About this exercise
Write out exactly the lines from the one with "Фигурная подставка из" through the last line of the data below, but not the pictures.

Dataset content
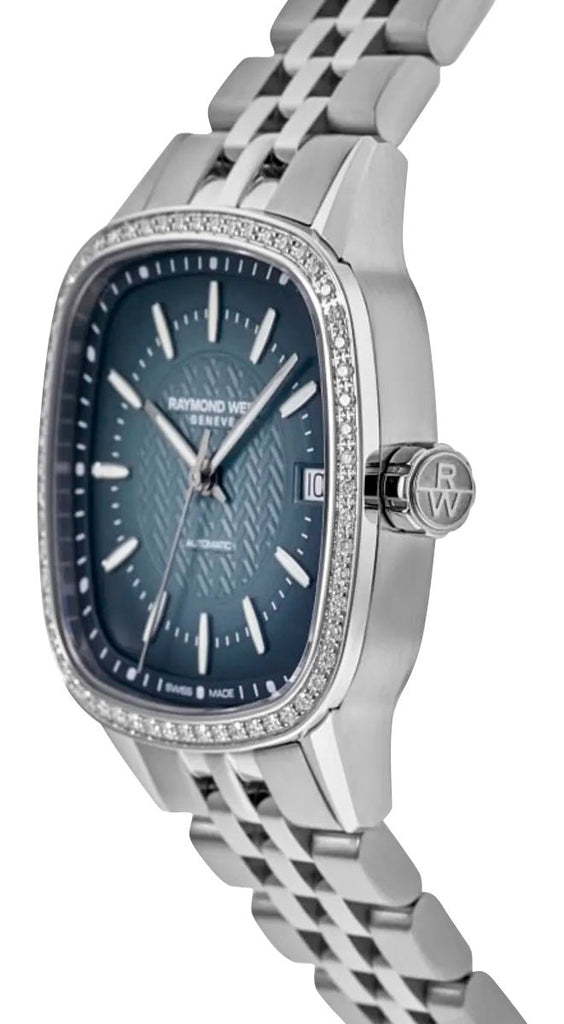 Raymond Weil Freelancer Automatic Stainless Steel Blue Dial Date Diamonds Womens Watch 2490-STS-50051
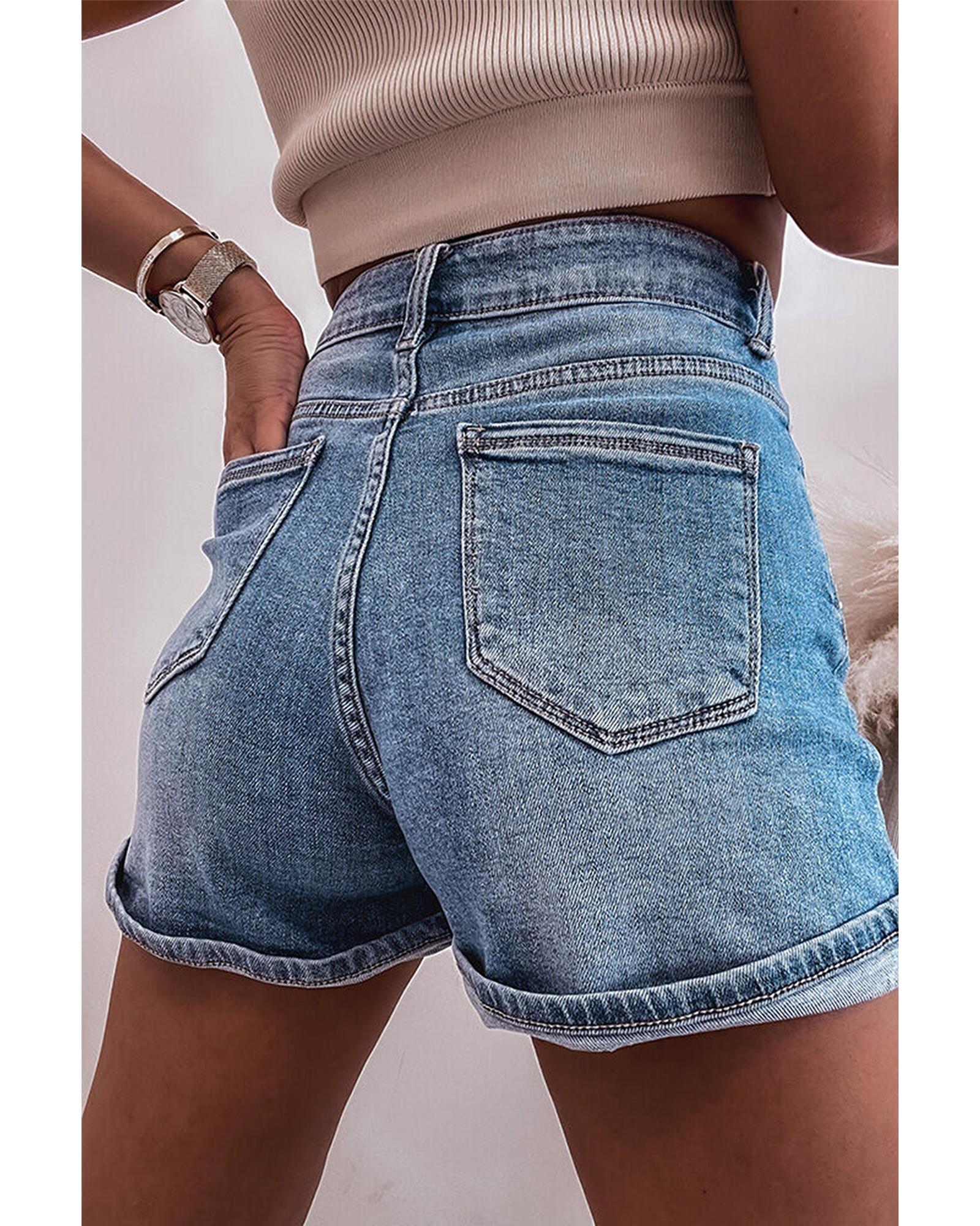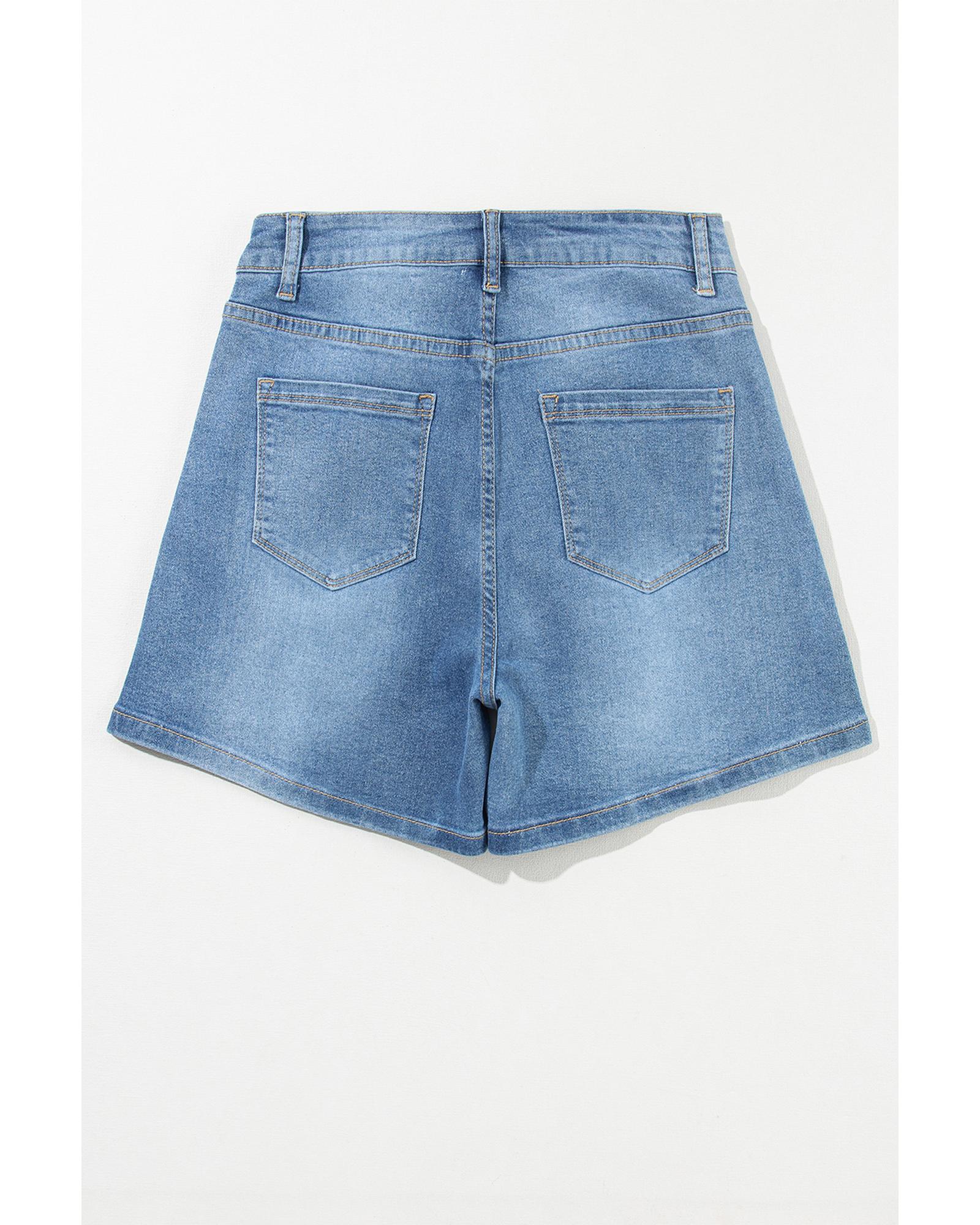These denim shorts feature a trendy fitted design with rhinestone embellishments that add a touch of sparkle and glamour. Crafted from high-quality denim, they offer durability and long-lasting wear. The high-rise cut provides a comfortable and flattering fit, making them versatile for summer wear and suitable for dressing up or down.
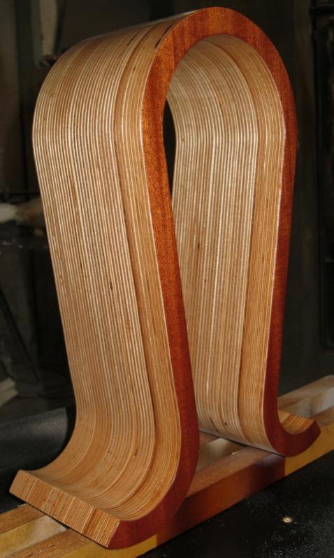 Фигурная подставка из фанеры, на лицевых сторонах, шпон Махагон.
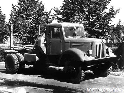 А еще через год на базе «двухсотых» были спроектированы и выпущены опытные образцы первых отечественных полноприводных грузовиков. Этим вездеходам был присвоен новый заводской индекс, начинающийся с цифры «5» (седельный лесовоз — МАЗ-501, бортовые грузовики для нужд армии — МАЗ-502 и МАЗ-502А с лебедкой на переднем бампере).

Result
 Фигурная подставка из фанеры, на лицевых сторонах, шпон Махагон.
 А еще через год на базе «двухсотых» были спроектированы и выпущены опытные образцы первых отечественных полноприводных грузовиков. Этим вездеходам был присвоен новый заводской индекс, начинающийся с цифры «5» (седельный лесовоз — МАЗ-501, бортовые грузовики для нужд армии — МАЗ-502 и МАЗ-502А с лебедкой на переднем бампере).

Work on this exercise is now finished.